Other work includes On the Shelf for television (1984) produced by Margaret Matheson, and Talk of the Devil at the Watford Playhouse (1986) directed by Bill Alexander.

==Personal life==
In 1965, O'Malley married a Jewish man named David Kleinman but the marriage did not last.
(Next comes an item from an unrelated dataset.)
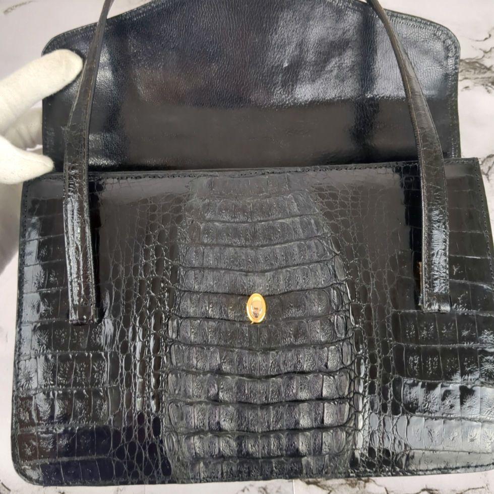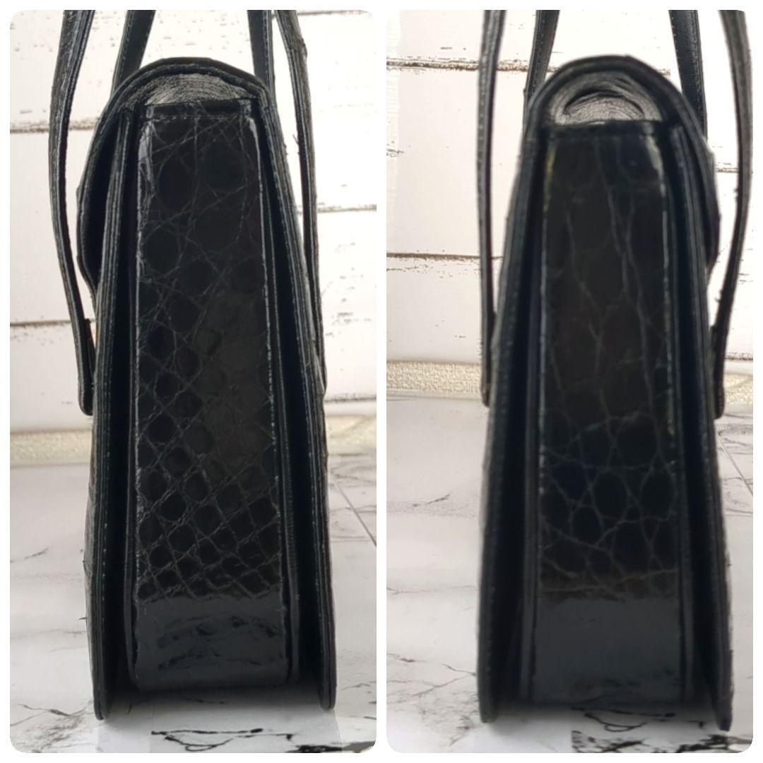 定価22万!!! 極希少クロコ!!!【王道フォーマル型】カイマンクロコ◎ ブラック 黒 クロコダイル 鰐革 ハンドバッグ レディース 美艶 高級感 收藏

From 1976 until 1982, O'Malley's agent was literary agent Michael Imison. In July 1978, the pair were involved in a car crash, hitting a lamp-post. O'Malley, in the passenger seat, received a devastating injury to her right arm, resulting in an ununited fracture that took four years to unite, affecting her writing career for two years. Seven years later, she sued her former agent for damages and was awarded £55,000 in costs.

==Stage plays==
- 1972 - Superscum, Soho Theatre, London
- 1974 - A 'Nevolent Society, Open Space Theatre, London
- 1975 - Oh If Ever a Man Suffered, Soho Theatre, London
- 1977 - Once a Catholic, Royal Court Theatre, London
- 1978 - Look Out... Here Comes Trouble, Royal Shakespeare Company at the Donmar Warehouse, London
- 1986 - Talk of the Devil, Watford Playhouse, Hertfordshire
- 1996 - Oy Vay Maria, Oldham Coliseum

==Television plays==
- 12.12.1976 - Percy and Kenneth, BBC Birmingham
- 15.4.1978 - Shall I See You Now?, BBC Birmingham
- 1977 - Oy Vay Maria
- 1984 - On the Shelf

==Awards==
- 1977 - Evening Standard Award - Most Promising Playwright for Once a Catholic.
- 1977 - Plays & Players Award for Once a Catholic.
- 1977 - Pye Television Award for Oy Vay Maria.
- 1978 - Susan Smith Blackburn Prize winner for Once a Catholic.
- 1986 - Susan Smith Blackburn Prize runner-up for Talk of the Devil.
- 1987 - Hollywood Dramalogue Critics Award for Once a Catholic.